What is needed is an exact copy of the lines in the entries below from the one holding "Geef je iPhone" through the one holding "To validate the", pictures excluded.

MATERIAL FOR THE TASK:
----

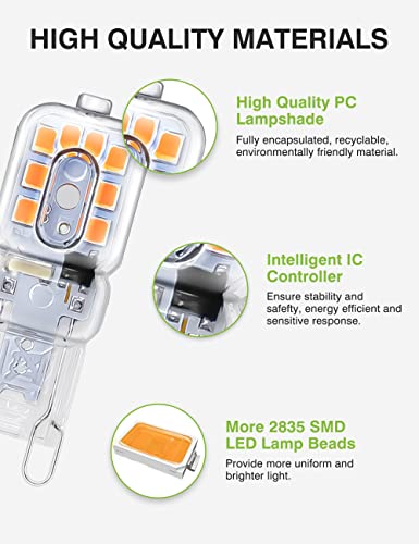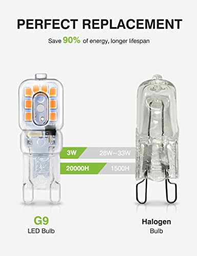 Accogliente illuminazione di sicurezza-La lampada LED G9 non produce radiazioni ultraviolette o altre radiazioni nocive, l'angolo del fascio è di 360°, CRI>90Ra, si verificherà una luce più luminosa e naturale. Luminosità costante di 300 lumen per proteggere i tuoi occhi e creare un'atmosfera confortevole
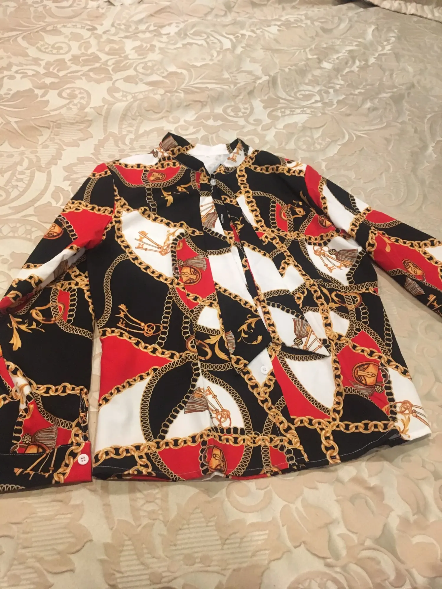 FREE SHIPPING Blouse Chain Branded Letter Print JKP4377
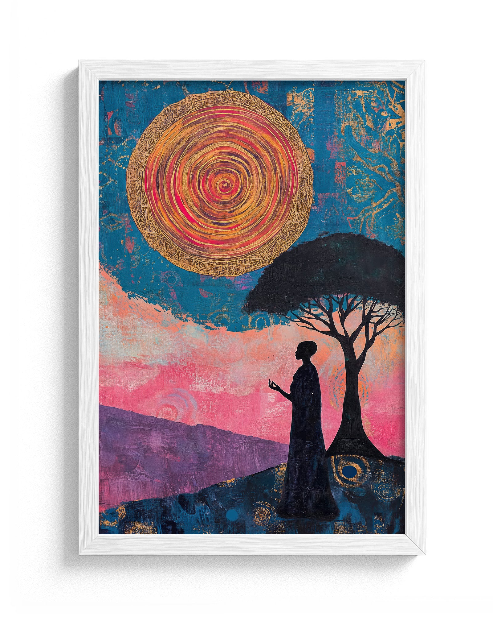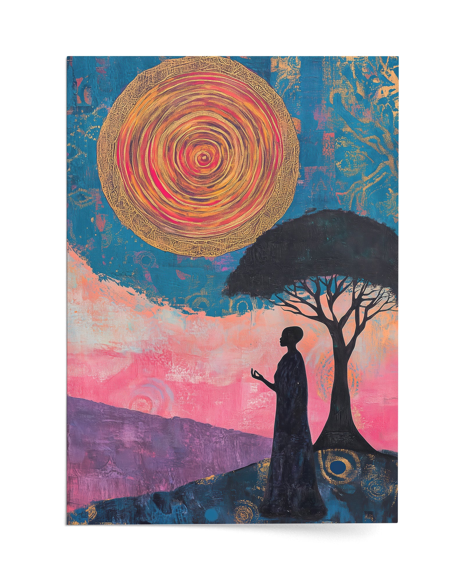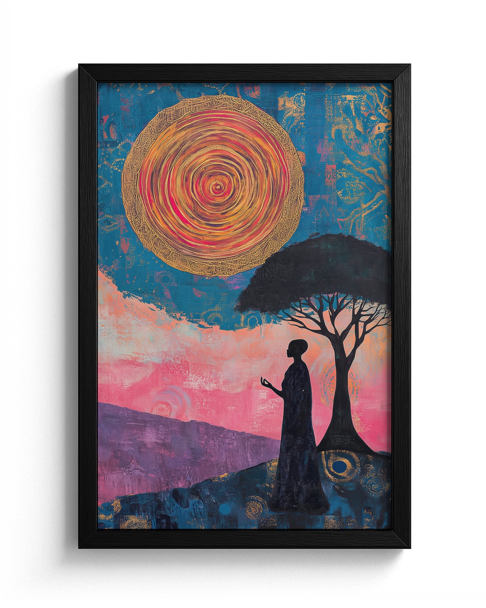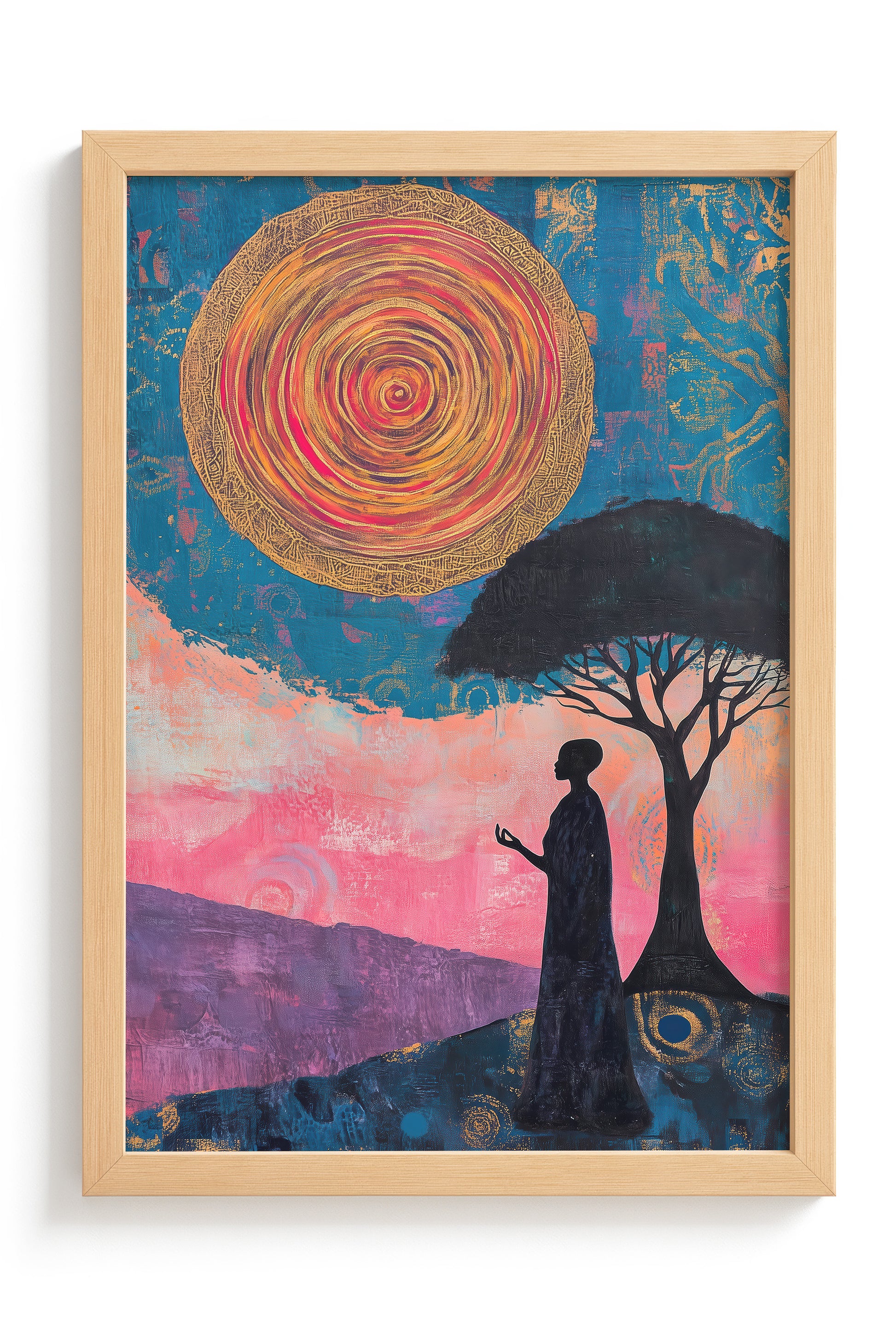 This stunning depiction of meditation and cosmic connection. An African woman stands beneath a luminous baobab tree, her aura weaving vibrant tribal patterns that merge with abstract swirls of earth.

----

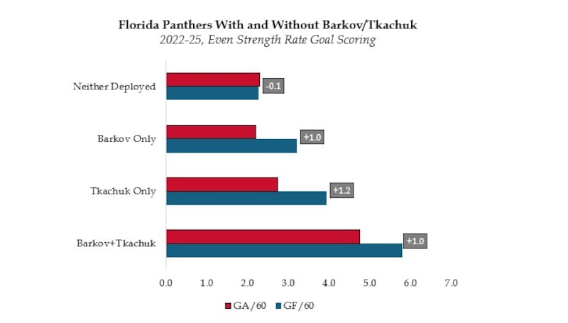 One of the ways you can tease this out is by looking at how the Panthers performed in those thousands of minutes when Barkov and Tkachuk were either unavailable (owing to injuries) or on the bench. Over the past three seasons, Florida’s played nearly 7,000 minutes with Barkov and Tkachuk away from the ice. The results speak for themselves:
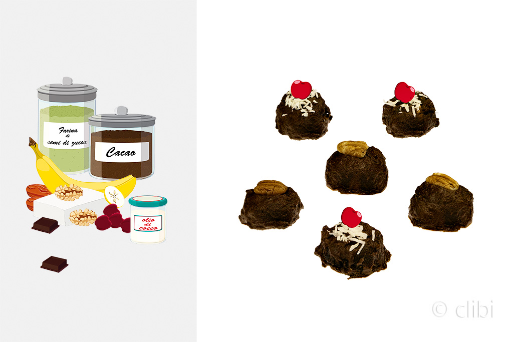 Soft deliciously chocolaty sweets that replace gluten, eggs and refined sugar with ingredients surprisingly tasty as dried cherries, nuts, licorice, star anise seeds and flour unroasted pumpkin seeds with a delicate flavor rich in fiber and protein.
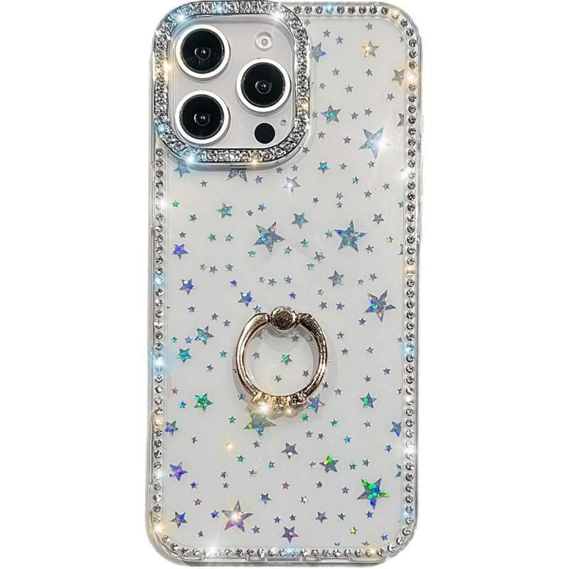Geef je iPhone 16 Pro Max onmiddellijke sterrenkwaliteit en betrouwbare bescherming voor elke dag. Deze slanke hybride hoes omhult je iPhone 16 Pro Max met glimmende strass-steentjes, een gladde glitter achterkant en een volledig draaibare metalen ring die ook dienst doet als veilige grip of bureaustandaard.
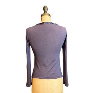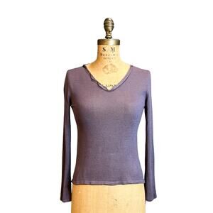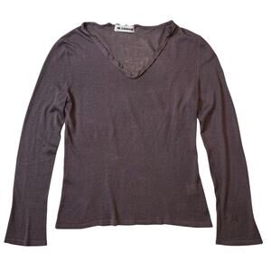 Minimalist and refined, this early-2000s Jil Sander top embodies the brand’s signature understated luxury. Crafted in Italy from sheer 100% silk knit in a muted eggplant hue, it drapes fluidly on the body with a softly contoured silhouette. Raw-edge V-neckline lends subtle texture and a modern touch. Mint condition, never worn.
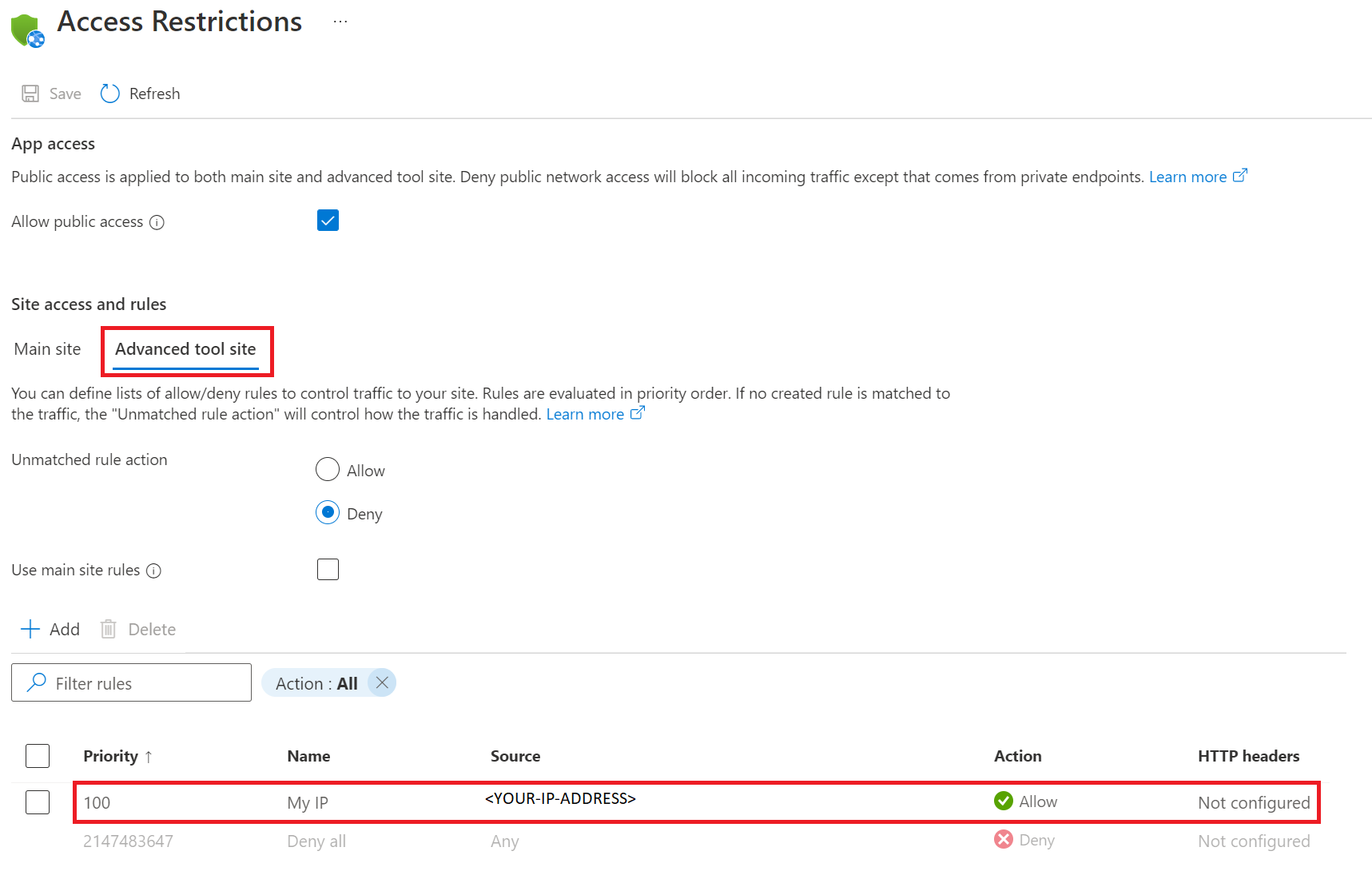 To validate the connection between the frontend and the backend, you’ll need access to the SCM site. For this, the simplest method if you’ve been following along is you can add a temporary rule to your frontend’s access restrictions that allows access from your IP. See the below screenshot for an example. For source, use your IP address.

----

SOLUTION TO THE EXERCISE:
Geef je iPhone 16 Pro Max onmiddellijke sterrenkwaliteit en betrouwbare bescherming voor elke dag. Deze slanke hybride hoes omhult je iPhone 16 Pro Max met glimmende strass-steentjes, een gladde glitter achterkant en een volledig draaibare metalen ring die ook dienst doet als veilige grip of bureaustandaard.
 Minimalist and refined, this early-2000s Jil Sander top embodies the brand’s signature understated luxury. Crafted in Italy from sheer 100% silk knit in a muted eggplant hue, it drapes fluidly on the body with a softly contoured silhouette. Raw-edge V-neckline lends subtle texture and a modern touch. Mint condition, never worn.
 To validate the connection between the frontend and the backend, you’ll need access to the SCM site. For this, the simplest method if you’ve been following along is you can add a temporary rule to your frontend’s access restrictions that allows access from your IP. See the below screenshot for an example. For source, use your IP address.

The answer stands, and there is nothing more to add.